Customizing the backtrace cleaner

DataChecks.config.backtrace_cleaner can be configured to specify a backtrace cleaner to use when a check errors and the backtrace is cleaned and persisted. An ActiveSupport::BacktraceCleaner should be used.

# config/initializers/data_checks.rb

cleaner = ActiveSupport::BacktraceCleaner.new
cleaner.add_silencer { |line| line =~ /ignore_this_dir/ }

DataChecks.config.backtrace_cleaner = cleaner

If none is specified, the default Rails.backtrace_cleaner will be used to clean backtraces.

Schedule checks

Schedule checks to run (with cron, Heroku Scheduler, etc).

rake data_checks:run_checks TAG="5 minutes"  # run checks with tag="5 minutes"
rake data_checks:run_checks TAG="hourly"     # run checks with tag="hourly"
rake data_checks:run_checks TAG="daily"      # run checks with tag="daily"
rake data_checks:run_checks                  # run all checks

Here's what it looks like with cron.

*/5 * * * * rake data_checks:run_checks TAG="5 minutes"
0   * * * * rake data_checks:run_checks TAG="hourly"
30  7 * * * rake data_checks:run_checks TAG="daily"

You can also manually get a status of all the checks by running:

rake data_checks:status

Credits

Thanks to checker_jobs gem for the original idea.

Development

After checking out the repo, run bundle install to install dependencies. Then, run rake test to run the tests.
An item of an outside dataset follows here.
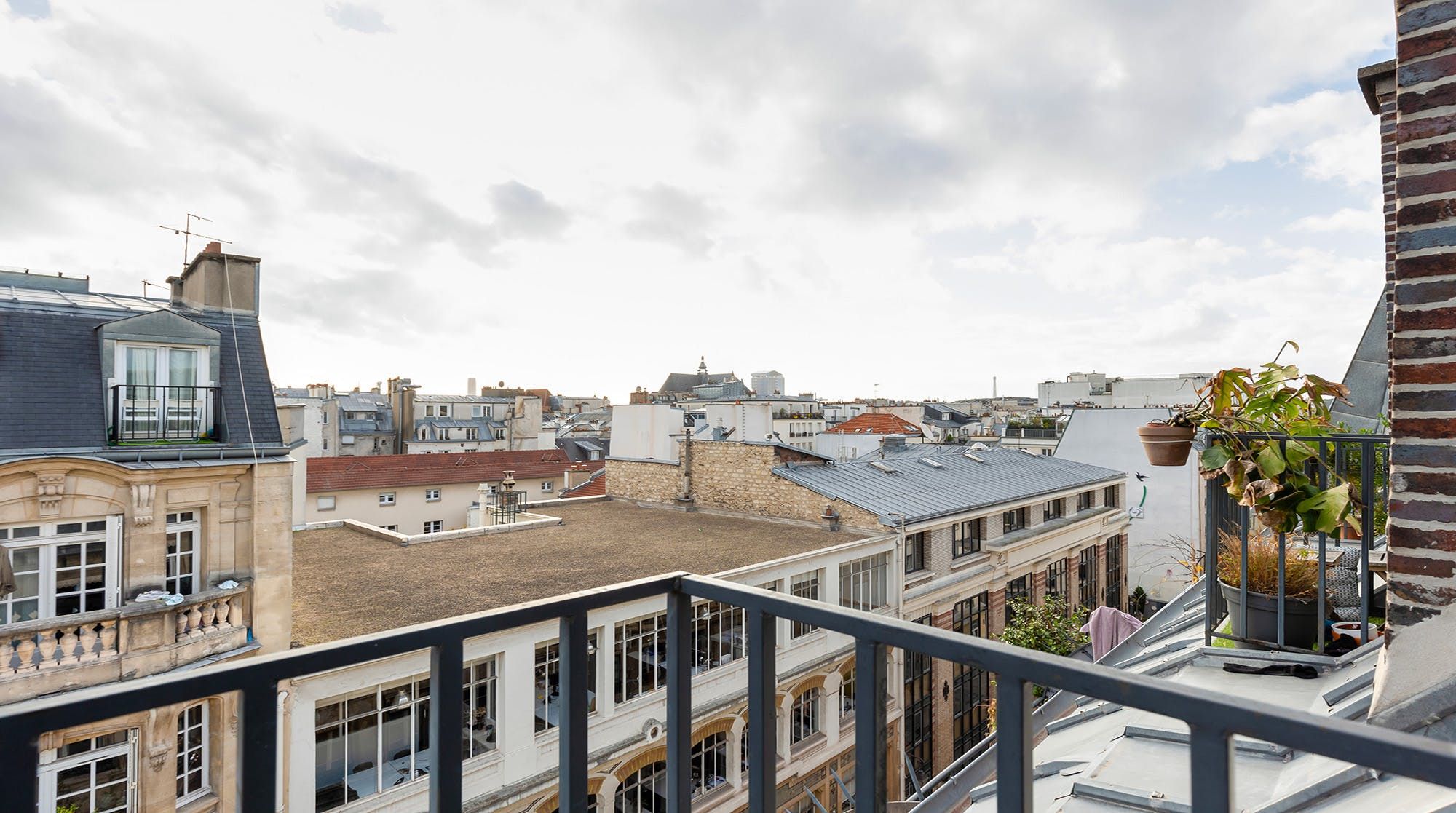 Sitting on the sixth floor with beautiful views over Paris’ rooftops towards the Eiffel Tower, this stunning loft-style apartment has classic Parisian prettiness written all over it.

To install this gem onto your local machine, run bundle exec rake install. To release a new version, update the version number in version.rb, and then run bundle exec rake release, which will create a git tag for the version, push git commits and tags, and push the .gem file to rubygems.org.

Contributing

Bug reports and pull requests are welcome on GitHub at https://github.com/fatkodima/data_checks.

License

The gem is available as open source under the terms of the MIT License.